● Work task
Pictures excluded, retype the lines from the one containing "最后点击左上角的「文件」-「" through the last line of the data below, both included.

● Extracted information

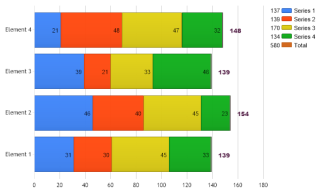 Demonstrates how to overlay a styled line or bar on a stacked bar chart.
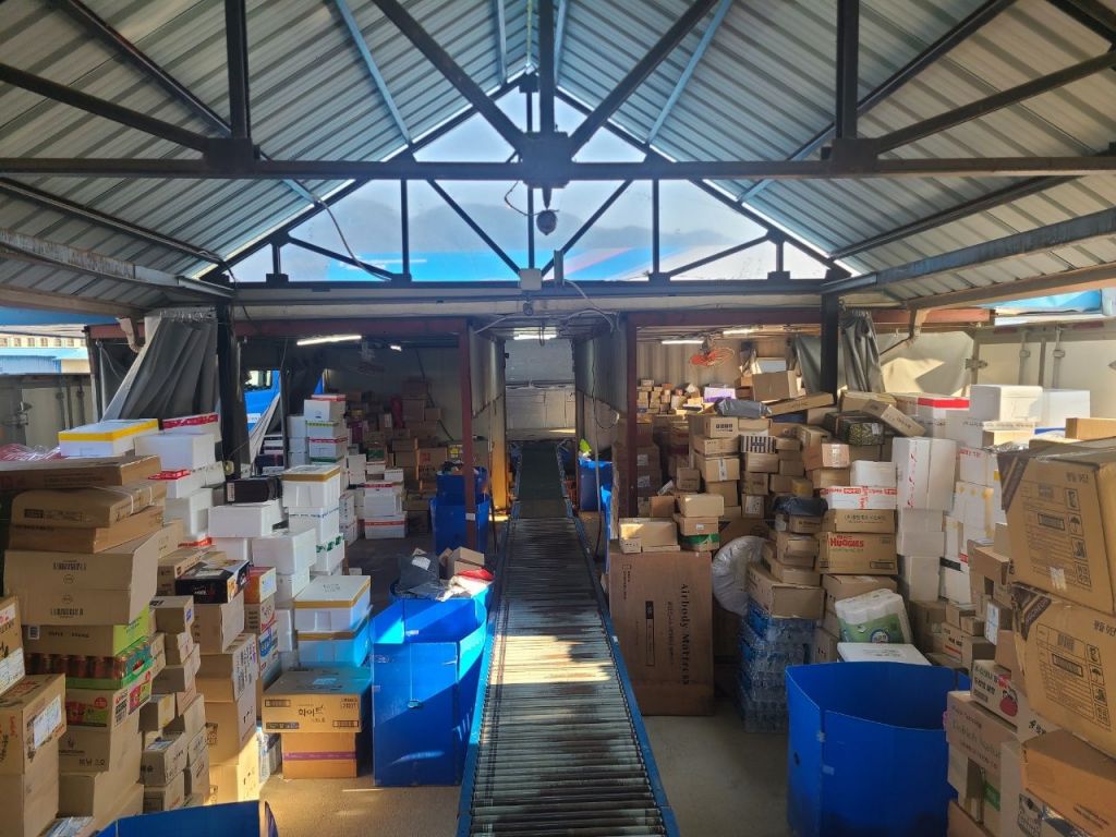 택배노조 파업으로 CJ대한통운 양구 서브터미널에 물류가 적체돼 있다. [사진제공 = 소상공인연합회]
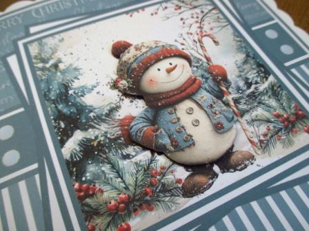 This card can be personalised with a message of your choice. Cutest Little Snowman Christmas design, mounted onto high quality 300gsm scalloped edge card base with design layered for a 3D effect. Card measures 14.8 x 14.8cm and is supplied with white envelope.
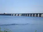 The first railway bridge to Montreal Island was the Grand Trunk Railway bridge across the Ottawa River East Channel. Along with another bridge built simultaneously across the West Channel, this bridge provided the first fixed link from Montreal to the mainland.[3] It was not until 1925, however, that a fixed road link, formed by Galipeault Bridge and Taschereau Bridge, was built across the Ottawa River from Montreal Island.[31] Île Perrot was the only way out of Montreal to the West before the construction of Île aux Tourtes Bridge, which goes directly to Vaudreuil across the Lake of Two Mountains.[31]
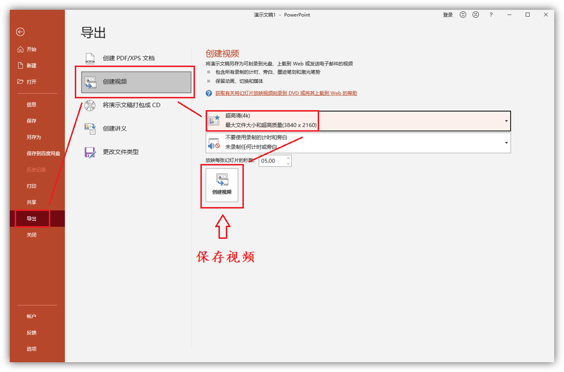 最后点击左上角的「文件」-「导出」-「创建视频」,最大支持导出「超高清(4k)」,再点击下方的「创建视频」,即可导出视频。
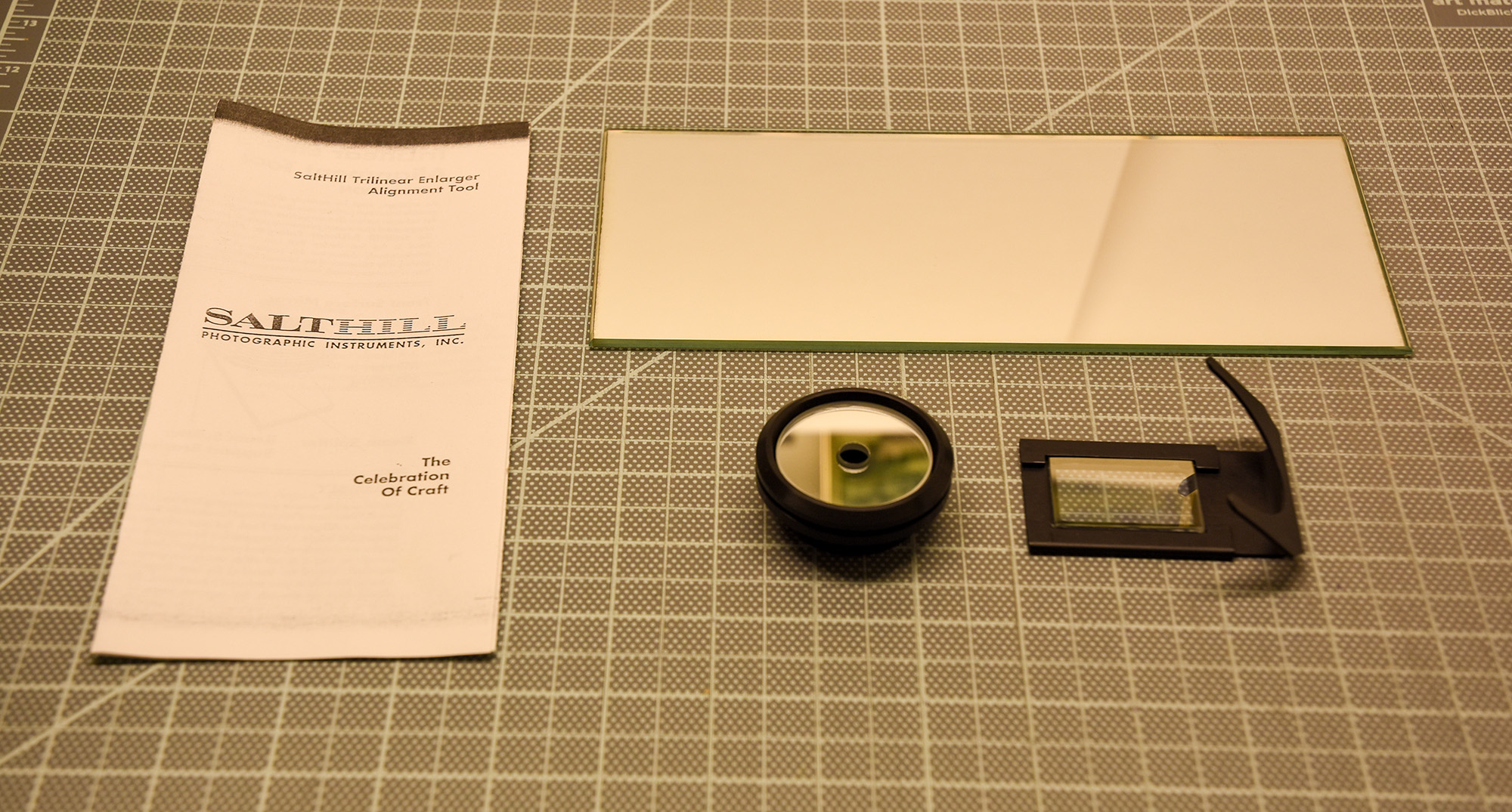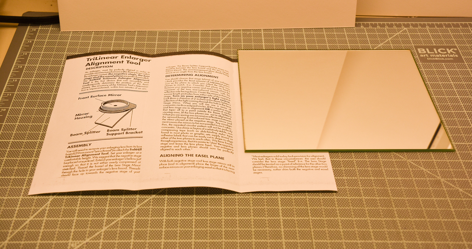 Salthill alignment tool. Two mirrors, beam splitter, beam splitter holder. Original box, original instructions, Salthill enlarger promotion.
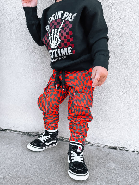 Love Burst | Red Checker Cargo Jogger Pant

● Reply to the exercise
 最后点击左上角的「文件」-「导出」-「创建视频」,最大支持导出「超高清(4k)」,再点击下方的「创建视频」,即可导出视频。
 Salthill alignment tool. Two mirrors, beam splitter, beam splitter holder. Original box, original instructions, Salthill enlarger promotion.
 Love Burst | Red Checker Cargo Jogger Pant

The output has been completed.